As the world went online, the Internet democratized access to goods and services. With this increased access, people began to demand greater personalization. As the world of e-commerce became a world of "me-commerce" as I wrote in Forbes in 2012, long-tail marketplaces of artisans and craftsmen, like Etsy, gained popularity. They enabled people to buy something unique, locally made in limited quantity, something that not everyone had. Platforms like Indegogo and Kickstarter enabled independent designers and manufacturers to pre-measure demand, and in effect "Pre-Tail" their e-tail and retail.

Today technology and psychology are changing access to finance.

The explosion of peer-to-peer lending platforms has ensured that a greater number of companies have access to capital. Banking and credit have always existed out of the need to smooth dislocations in accounts, gaps when businesses need working capital. Many of these spreads exist because of chunky obligations in the form of accounts payable, and the mismatch with accounts receivable. Companies don't always have cash when they need it.

Companies like Nowsta, which grew out of the Harvard Innovation Lab (iLab) by bringing together mobile payments and behavioral economics, are erasing the concept of a two-week pay-cycle and in the process eradicating the payday lending industry. They're creating a powerful logistics platform for companies with distributed workforces, and allowing workers to access their capital on a timeline and schedule that fits their lifestyle.

The atomization of income means in the future you can get paid, or gain access to your income, in real time as you earn it. With the coming advent of programmatic payments, there's no reason your income should come in 15 or 30-day chunks. There exists a smaller unit of payment that still accounts for the cost of the transaction and makes economic sense, and the consumer desire for access to their capital on a much higher frequency.

With the atomization of income is also the atomization of payments. Layaway programs have long existed, but today companies like Affirm -founded by PayPal creator Max Levchin- are providing a platform that enables any e-commerce merchant to extend programs of partial buying over time. And it's not just helping consumers buy high-ticket items over time. Technology is helping democratize basic access to goods and services.

PayJoy, a Silicon Valley software and financial innovation startup, has unique patented intellectual property that allows them to remotely shut down an electronic device. In effect, this allows the device to become collateral. As payments are structured against this device, these loans go from being uncollateralized to being collateralized. As such, the probability of repayment becomes highly predictable, and enables them to offer cheaper rates.
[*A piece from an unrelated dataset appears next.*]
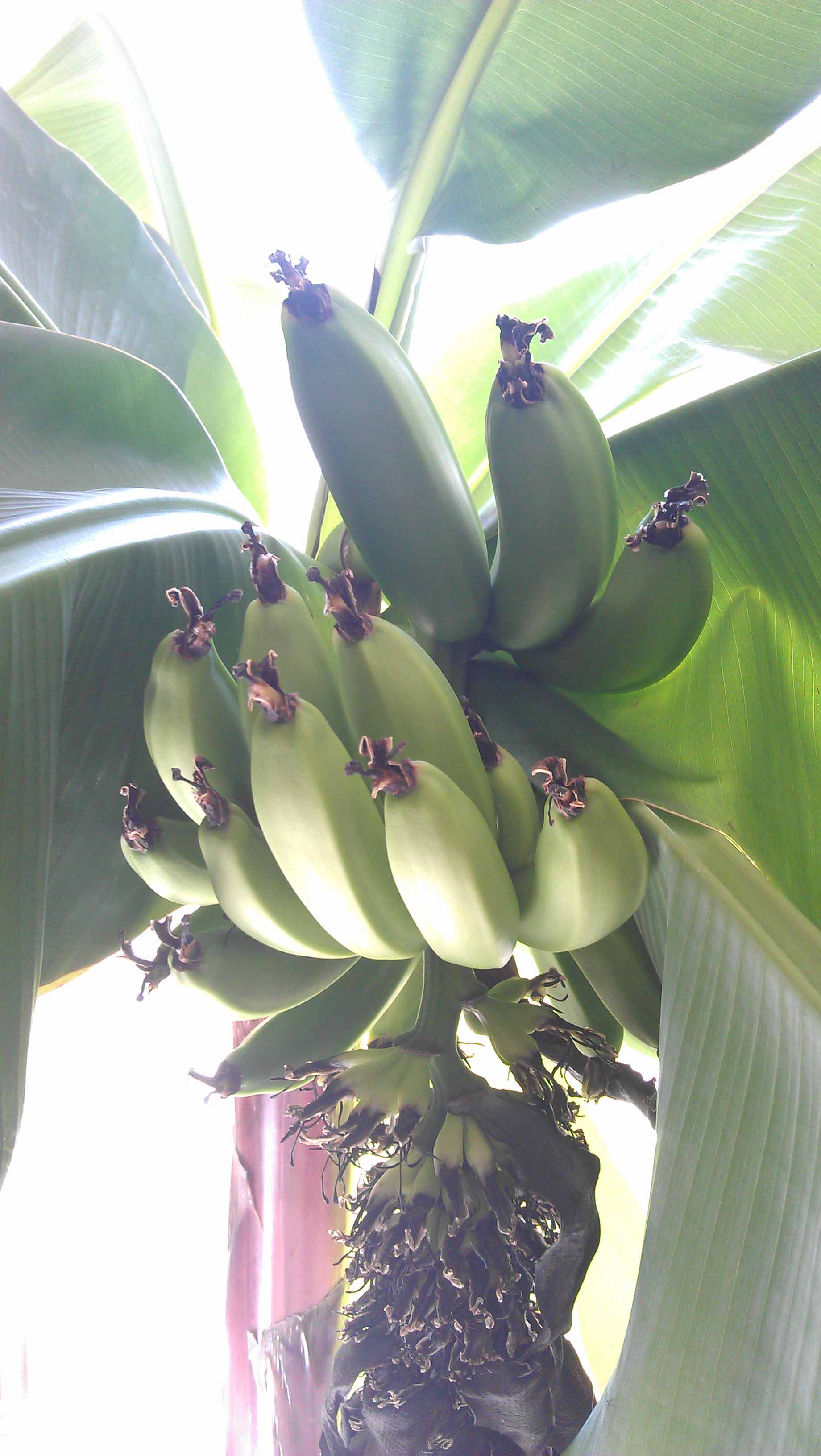 Ik vraag me af wat ik met de bananen moet doen; laten groeien tot ze afvallen (?) of ze op tijd aftrekken zodat de volgende rij banaantjes groter kan worden? Geen idee, maar ze blijven in ieder geval groen en krijgen volgens mij nog niet echt het steeltje dat je in de supermarkt ziet ;)

Smartphones are the computers of the future, and they'll power TVs-as-monitors in emerging markets. Putting a smartphone in someone's pocket changes their life. It's no longer a luxury; it's a utility. The World Bank estimates that every 10 percent increase in mobile broadband drives a 1.4 percent increase in GDP for low-to-middle income countries.

Even in America, many depend on their smartphone for Internet access, and 80 million Americans don't have a credit card. Without access to credit, a $600 price tag is hard to muster for many. Having the ability to buy the phone monthly changes someone's access. And while Apple and others have begun to offer "leasing" plans, these require contracts and access to credit, and unlike PayJoy, don't let you buy the phone. You lease it at high interest.

Technology is enabling innovative companies like Nowsta, Affirm, and PayJoy, to alter how they measure and monitor risk, and originate new streams of payments. Many of these streams of payments are framed by psychology, and offer predictable cash flows that are not unlike other debt instruments. Tech bonds may yet be a new asset class.